TASK TO COMPLETE> Omit pictures and quote the listing below line by line, from its start through the line that holds "Бедная свинья сбегает".

Top of DATA FOR REVIEW

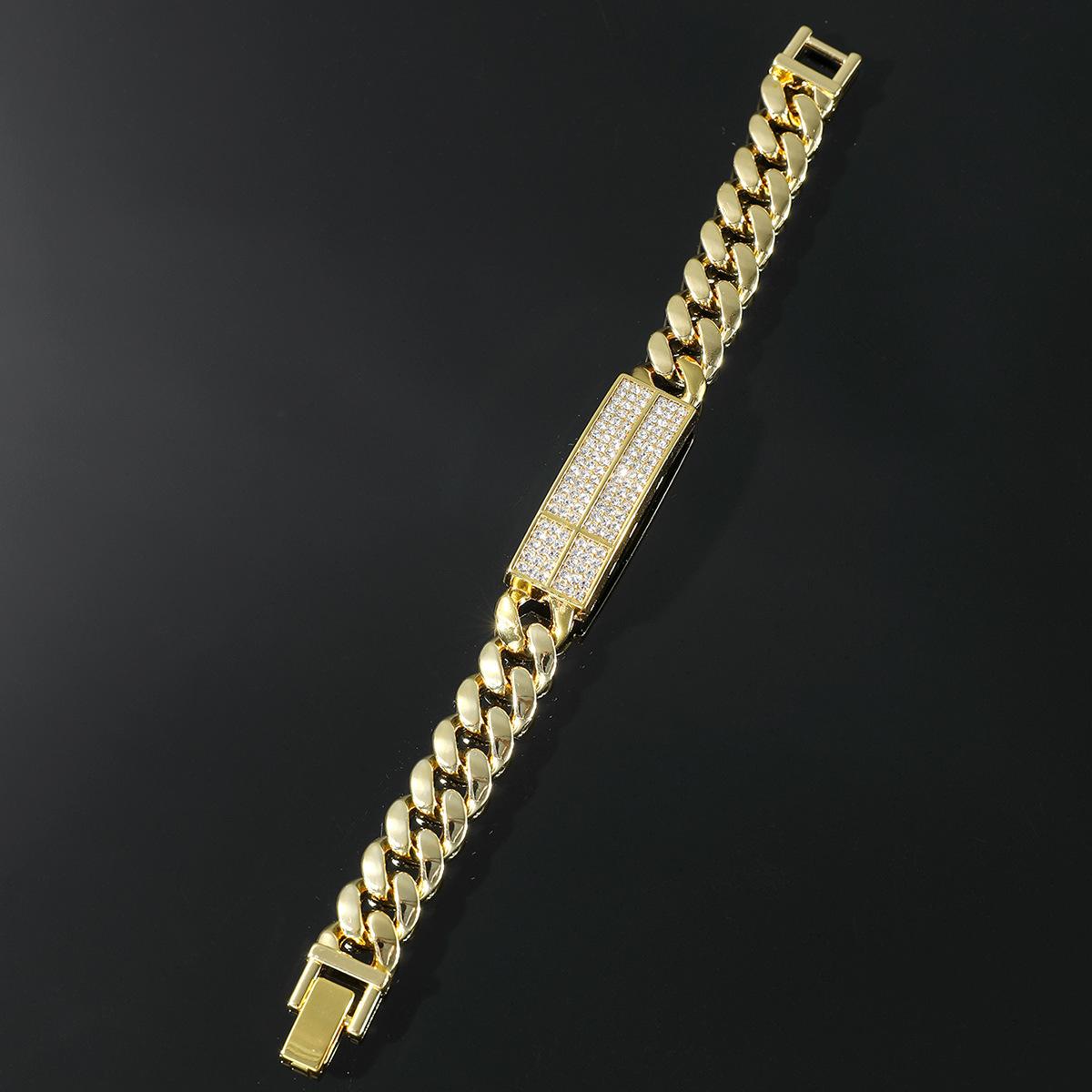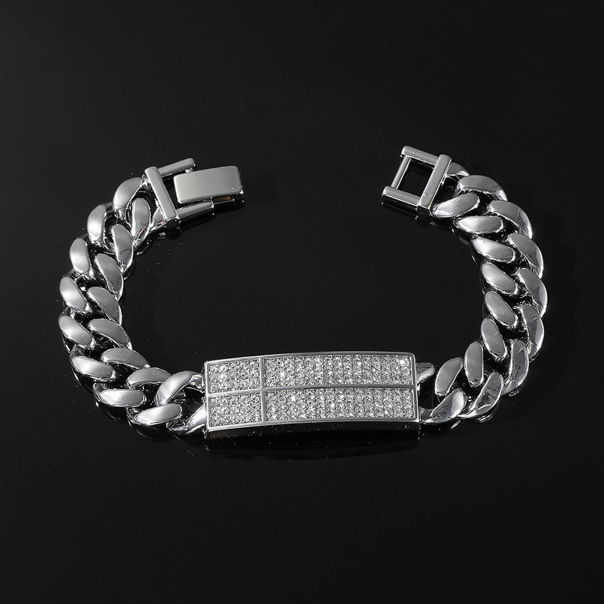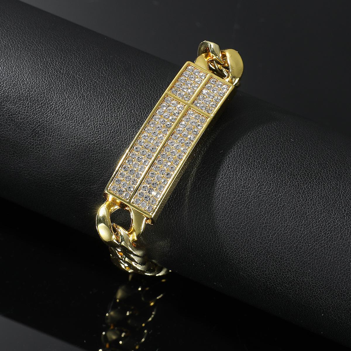 | Pulsera de hombre con forma de barra de diamantes, cadena cubana de hip-hop de gran venta en Europa y América, accesorios de moda hip-hop de 15 mm de ancho. |
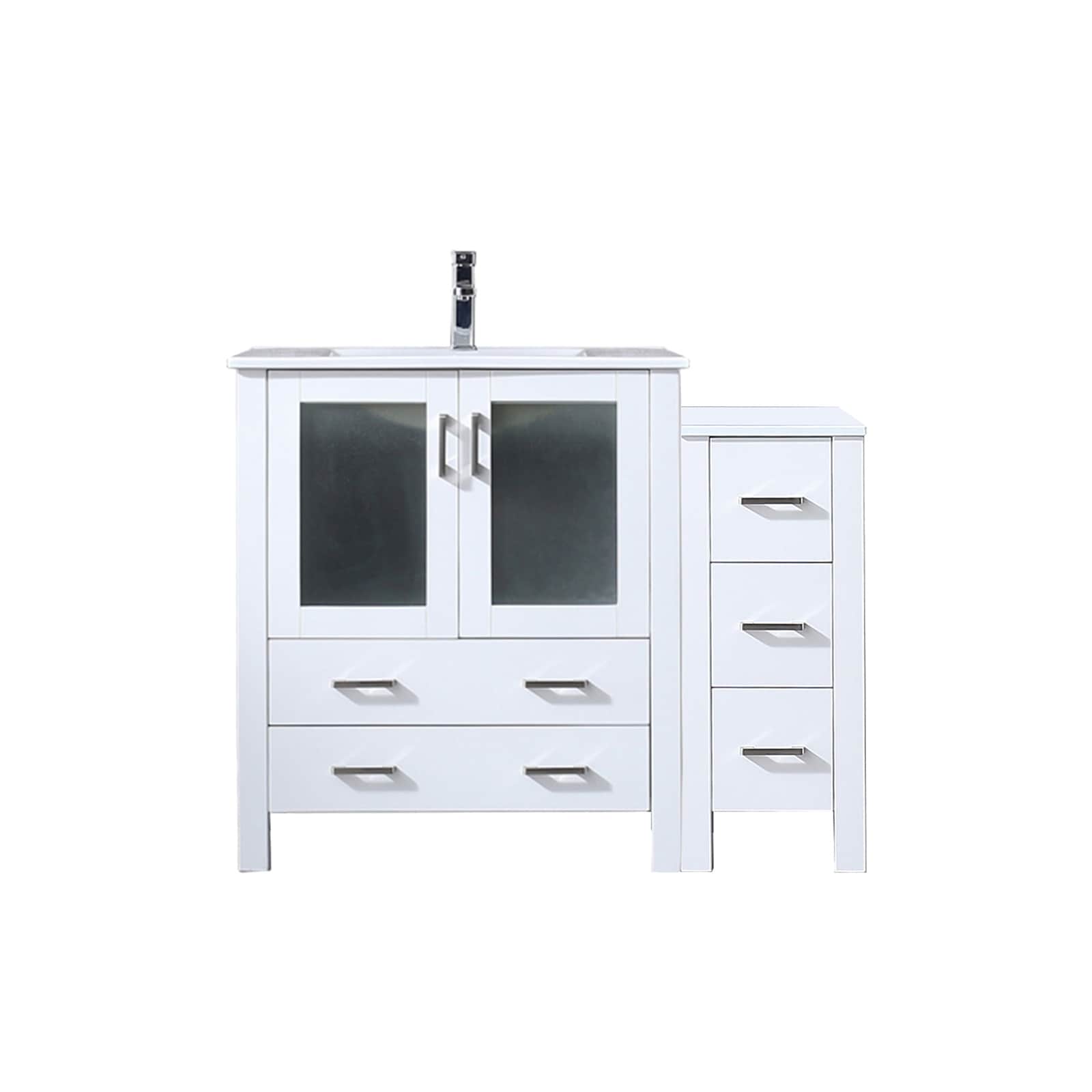 White Single Bath Vanity 42 in. W x 18.25 in. D, with Side Cabinet, White Ceramic Top, and Faucet Set
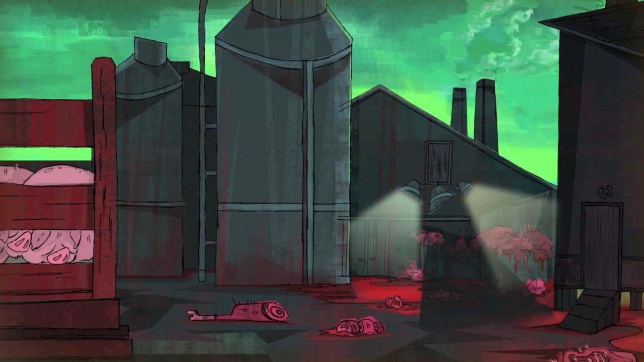 Бедная свинья сбегает со скотобойни, но окружающий её мир ужасен. К счастью, она нашла убежище в небольшом зоомагазине… К счастью?.
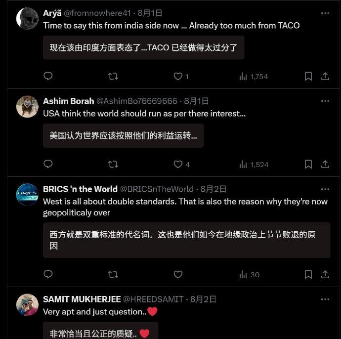 耿爽在联合国怒怼美国双标,明明自己还在和俄罗斯做生意,却不让其他国家购买俄罗斯能源。 这段霸气发言给印度人看爽了,一反常态地开始夸中国,同时不忘拉踩自己的国家,说印度要是也能这么直言不讳地怼回去就好了,除了中国,其他国家都不敢对特朗普的暴政说一句不是。 谁说他们不会急的,当关税大棒打到自己身上的时候,印度人跳得比谁都高。 不过咋说呢,被印度人夸,总感觉怪怪的[尬笑]
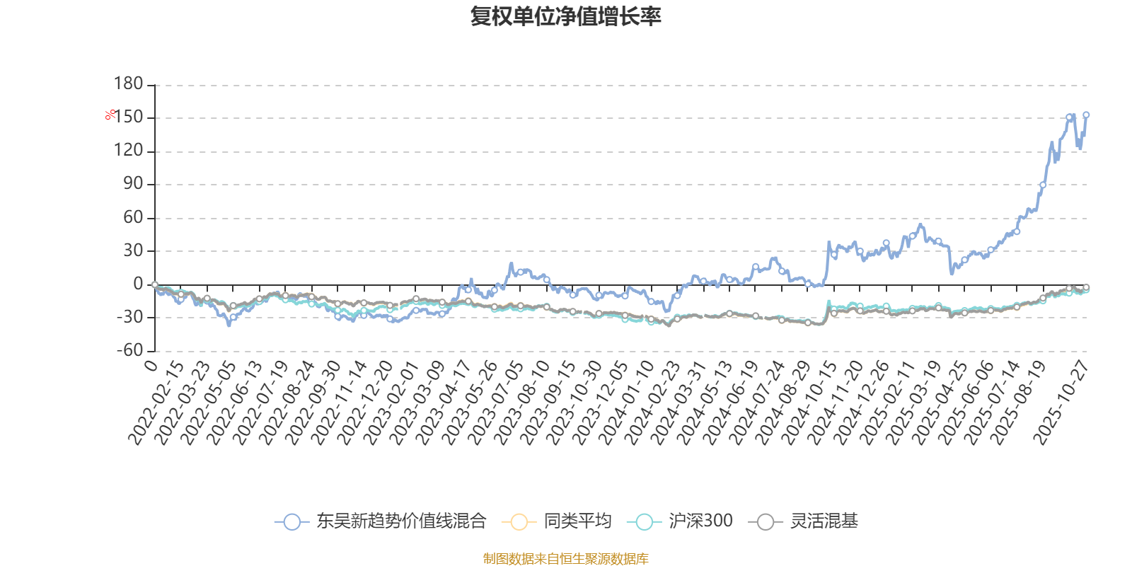 截至10月27日,东吴新趋势价值线混合近三个月复权单位净值增长率为56.83%,位于同类可比基金22/1287;近半年复权单位净值增长率为106.74%,位于同类可比基金15/1287;近一年复权单位净值增长率为88.34%,位于同类可比基金27/1287;近三年复权单位净值增长率为267.17%,位于同类可比基金1/1286。
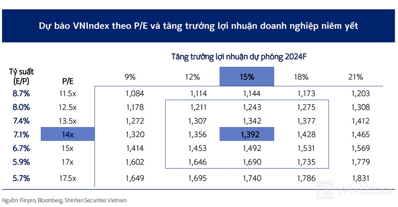 Như vậy, với P/E mục tiêu quanh vùng hiện tại 14x cùng kỳ vọng tăng trưởng lợi nhuận doanh nghiệp niêm yết ở mức 15%, chúng tôi ước tính ngưỡng hợp lý của VN-Index cho năm 2024 là vùng 1.390 điểm, tương ứng với mức tăng 23% so với thời điểm cuối năm 2023 và cao hơn 10% so với thời điểm hiện tại (cuối tháng 6/2023).

Bottom of DATA FOR REVIEW

SOLUTION BELOW>
 | Pulsera de hombre con forma de barra de diamantes, cadena cubana de hip-hop de gran venta en Europa y América, accesorios de moda hip-hop de 15 mm de ancho. |
 White Single Bath Vanity 42 in. W x 18.25 in. D, with Side Cabinet, White Ceramic Top, and Faucet Set
 Бедная свинья сбегает со скотобойни, но окружающий её мир ужасен. К счастью, она нашла убежище в небольшом зоомагазине… К счастью?.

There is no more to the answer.